To me, the shared experiences are far more valuable to me than if I had done a trip like this by myself. Going into it, I knew that the main focus during the trip was going to be capturing images of bears, however, I wanted to make sure to capitalize on the opportunity to come home with other images as well, especially the great salmon spawn. While I wasn’t necessarily story-centric, I wanted to try to capture as complete a picture as possible of what was taking place surrounding the bears and their interaction with their ecosystem.  For instance, at one of the locations where we were shooting, both bears and salmon were incredibly abundant. There was a small waterfall that the salmon occasionally were jumping up, so I wanted to try to integrate the salmon component into image series as much as possible. After getting a series of bear hunting images that I was pleased with, I then set my attention to the salmon. At one point, I waded out into the waterfall and laid on a large boulder easily for an hour. With a wide-angle lens affixed to the camera, I wanted to try to capture the salmon jumping while also capturing the expansive landscape. After much time, and many failed attempts, I was able to finally capture the scene that I had been picturing.

A male sockeye salmon (Oncorhynchus nerka) jumps up a small set of falls.
A male sockeye salmon (Oncorhynchus nerka) jumps up a small set of falls.
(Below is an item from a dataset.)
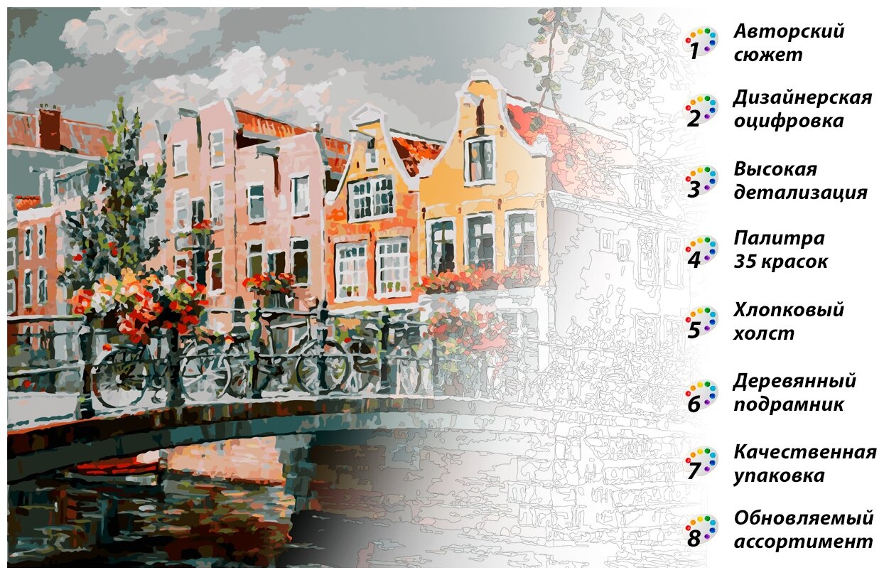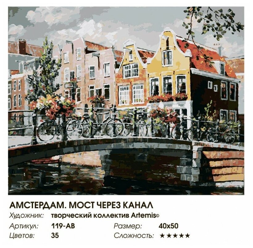 Отзывы на Картина по номерам Белоснежка «Амстердам. Мост через канал» (холст на подрамнике, 40х50 см)

After months of painstaking anticipation, the trip seemed to start and finish in an instant. While departing from Iliamna was bittersweet, taking a moment’s reflection about all that took place during the action packed week was enough to make any gloomy thoughts completely dissipate.

Wildlife In The Landscape
Wildlife In The Landscape

The trip was life-changing in so many ways, and for this, I am forever grateful to the Luminous Endowment, our private donor, Art Wolfe, Gavriel Jecan, and staff, and Jerry Jacques and the amazing team operating Bristol Bay Sportfishing and Adventure Lodge.


Andrew Snyder
August 2017

Andrew Snyder

Andrew is a Ph.D. candidate at the University of Mississippi where he uses reptiles and amphibians to examine phylogeographic patterns across the Guiana Shield. As a result, he has traveled extensively throughout Guyana for his research. Andrew leads the reptile and amphibian surveys for the joint Global Wildlife Conservation and World Wildlife Fund-Guianas Biodiversity Assessment Team.